Biden pledges ‘unwavering support’ for Ukraine amid Russian military buildup

US president holds first phone call with his Ukrainian counterpart Zelensky, as Kremlin warns of response if America sends troops

Then-US vice president Joe Biden in Kyiv, Ukraine, December 7, 2015. (Sergei Supinsky/Pool Photo via AP)
Then-US vice president Joe Biden in Kyiv, Ukraine, December 7, 2015. (Sergei Supinsky/Pool Photo via AP)

KYIV, Ukraine (AFP) — US President Joe Biden affirmed his “unwavering support” for Ukraine in a call to President Volodymyr Zelensky Friday after Kyiv accused Moscow of building up military forces on its border.

The call, which was Biden’s first conversation with Zelensky since his inauguration in January, came after Russia warned the West earlier Friday against sending troops to Ukraine to buttress its ally.

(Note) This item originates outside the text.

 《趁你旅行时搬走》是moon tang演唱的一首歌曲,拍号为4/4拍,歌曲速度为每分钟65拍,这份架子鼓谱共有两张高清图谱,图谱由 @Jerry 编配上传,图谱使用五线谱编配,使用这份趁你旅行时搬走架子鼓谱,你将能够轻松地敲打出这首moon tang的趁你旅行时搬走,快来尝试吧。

In a statement the White House said that Biden “affirmed the United States’ unwavering support for Ukraine’s sovereignty and territorial integrity in the face of Russia’s ongoing aggression in the Donbas and Crimea.”

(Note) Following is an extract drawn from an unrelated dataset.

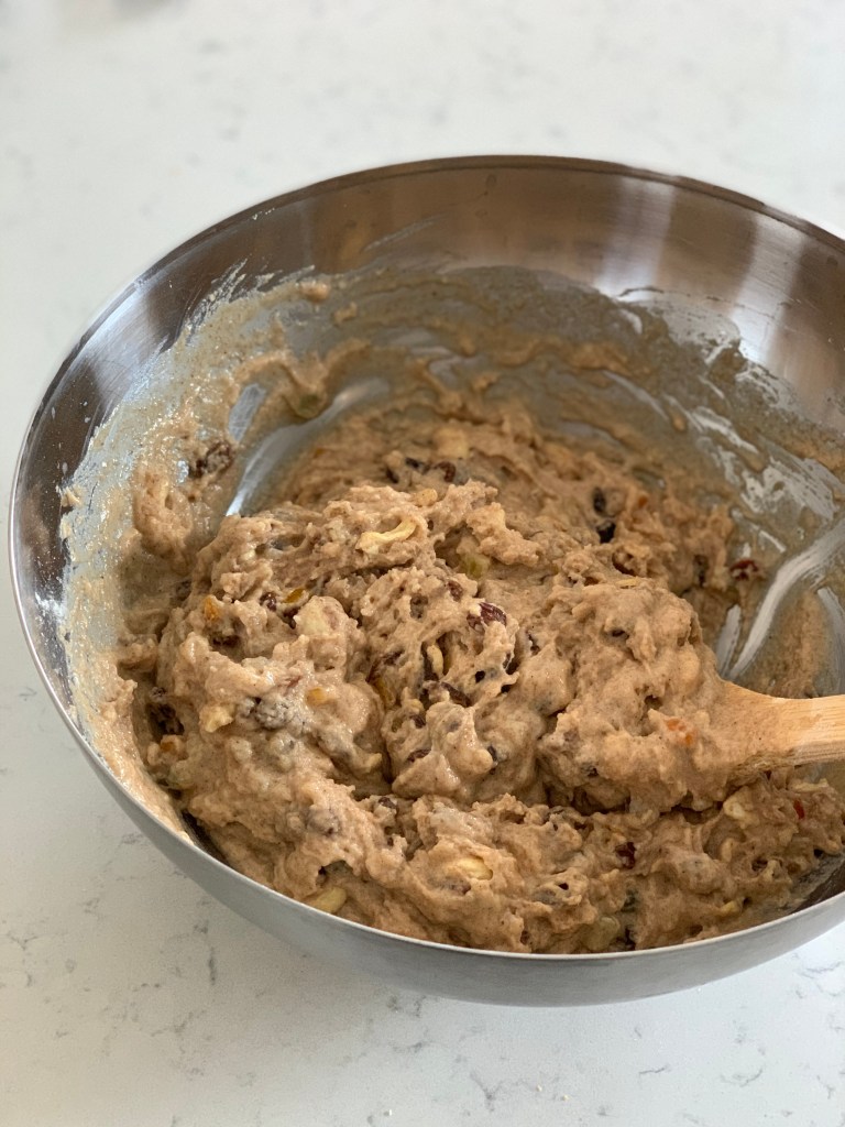 5. La final adăugăm stafidele, ciocolata rasă, coaja confiată. Omogenizăm. Avem o compoziție granulată.

Zelensky on Twitter said he was “glad” to talk to Biden and hailed Kyiv’s partnership with Washington as “crucial for Ukrainians.”

Ukrainian President Volodymyr Zelensky addresses the Ukrainian parliament in Kyiv, Ukraine, March, 4, 2020. (AP Photo/Efrem Lukatsky)

Washington had pledged on Thursday to stand by Ukraine in the event of Russian “aggression,” after Zelensky accused Russia of massing troops on the border.

Weeks of renewed frontline clashes have shredded a ceasefire and raised fears of an escalation of the simmering conflict in eastern Ukraine, where government forces are battling pro-Russian separatists.

Speaking to reporters on Friday, Kremlin spokesman Dmitry Peskov said Russia would be forced to respond if the US sent troops.

“There is no doubt such a scenario would lead to a further increase in tensions close to Russia’s borders. Of course, this would call for additional measures from the Russian side to ensure its security,” Peskov told reporters.

He declined to specify which measures would be adopted, while insisting that Russia was not making moves to threaten Ukraine.

“Russia is not threatening anyone, it has never threatened anyone,” Peskov said.

‘Intimidating’ Ukraine

On Friday, Russia said its armed forces would hold military exercises close to Ukraine’s border in the country’s south to practice defense against attack drones.

More than 50 battalion combat teams comprising 15,000 people will take part in those exercises and practice “interaction with electronic warfare and air defense units,” the defense military told reporters.

On Thursday, the US warned Russia against “intimidating” Ukraine, with both Defense Secretary Lloyd Austin and Secretary of State Antony Blinken calling their Ukrainian counterparts to stress their support.

The Pentagon said this week US forces in Europe had raised their alert status following the “recent escalations of Russian aggression in eastern Ukraine.”

A Ukrainian serviceman changes his position near the line of contact near Vodiane, about 750 kilometers (468 miles) south-east of Kyiv, eastern Ukraine, March 5, 2021. (AP Photo/Evgeniy Maloletka)

Ukraine has been battling pro-Russian separatists in the eastern Donetsk and Luhansk regions since 2014, following Moscow’s annexation of the Crimean peninsula after an uprising that ousted Ukraine’s Kremlin-friendly president Viktor Yanukovych.

Moscow and Kyiv this week blamed each other for a rise in violence along the frontline that has undermined a ceasefire brokered last July.

Zelensky said on Thursday that 20 Ukrainian servicemen had been killed since the start of the year.

Ukraine’s military intelligence accused Russia of preparing to “expand its military presence” in the separatist-controlled regions.

Ruslan Khomchak, chief of the general staff of the Ukrainian Armed Forces, this week said that more than 2,000 Russian military instructors and advisers were currently stationed in eastern Ukraine.

Russian denials

Russia has repeatedly denied sending troops and arms to support the separatists and the Kremlin this week said that Russia is at liberty to move troops on its own territory.

“Russia is not a participant of the conflict,” Peskov said on Friday, accusing Ukraine’s armed forces of “multiple” provocations in the region.

A senior Russian official dismissed reports of Russia planning an attack on Ukraine as “fake.”

Russian tanks T-72 B3 roll through Red Square during the Victory Day military parade in downtown Moscow on May 9, 2019. (Alexander Nemenov/AFP)

“Russia is not interested in any conflict with Ukraine, especially a military one,” deputy foreign minister Andrei Rudenko told state news agency RIA Novosti.

Together with France, Germany and Ukraine, Russia is part of the Normandy format of countries that have sought to resolve the conflict and in 2015 agreed the Minsk accords to reduce the fighting.

Zelensky was elected in 2019 on promises of ending the conflict, but critics say a shaky ceasefire has been his only tangible achievement.

The fighting has claimed more than 13,000 lives since 2014, according to the United Nations.